WHAT YOU HAVE TO DO: Every picture stays out; everything else in the listing below is to be returned exactly.

DATA EXTRACT:
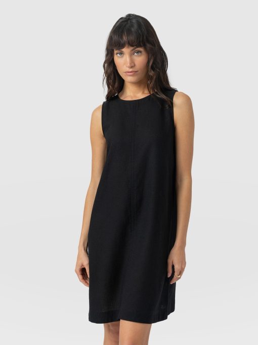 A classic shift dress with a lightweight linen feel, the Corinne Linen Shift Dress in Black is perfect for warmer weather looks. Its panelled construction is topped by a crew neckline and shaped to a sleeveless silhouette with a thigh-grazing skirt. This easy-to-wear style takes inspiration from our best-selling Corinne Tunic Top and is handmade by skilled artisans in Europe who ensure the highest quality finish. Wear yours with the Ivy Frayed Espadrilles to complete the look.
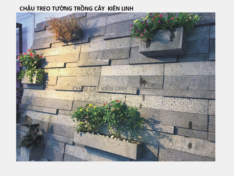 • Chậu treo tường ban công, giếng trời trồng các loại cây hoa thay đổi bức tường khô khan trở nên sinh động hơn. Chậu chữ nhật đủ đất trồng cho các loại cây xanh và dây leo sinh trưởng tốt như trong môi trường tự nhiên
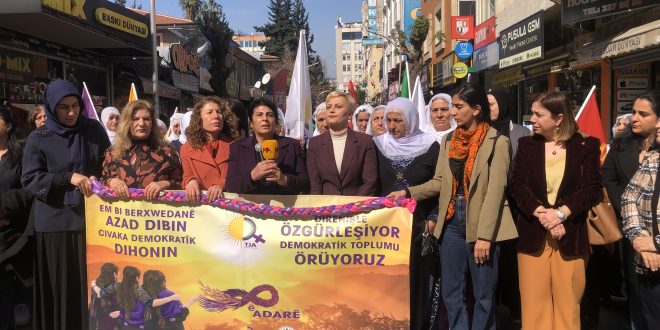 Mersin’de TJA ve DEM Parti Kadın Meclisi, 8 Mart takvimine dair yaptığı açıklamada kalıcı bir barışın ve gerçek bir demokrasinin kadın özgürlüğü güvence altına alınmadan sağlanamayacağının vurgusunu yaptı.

REPLY:
 A classic shift dress with a lightweight linen feel, the Corinne Linen Shift Dress in Black is perfect for warmer weather looks. Its panelled construction is topped by a crew neckline and shaped to a sleeveless silhouette with a thigh-grazing skirt. This easy-to-wear style takes inspiration from our best-selling Corinne Tunic Top and is handmade by skilled artisans in Europe who ensure the highest quality finish. Wear yours with the Ivy Frayed Espadrilles to complete the look.
 • Chậu treo tường ban công, giếng trời trồng các loại cây hoa thay đổi bức tường khô khan trở nên sinh động hơn. Chậu chữ nhật đủ đất trồng cho các loại cây xanh và dây leo sinh trưởng tốt như trong môi trường tự nhiên
 Mersin’de TJA ve DEM Parti Kadın Meclisi, 8 Mart takvimine dair yaptığı açıklamada kalıcı bir barışın ve gerçek bir demokrasinin kadın özgürlüğü güvence altına alınmadan sağlanamayacağının vurgusunu yaptı.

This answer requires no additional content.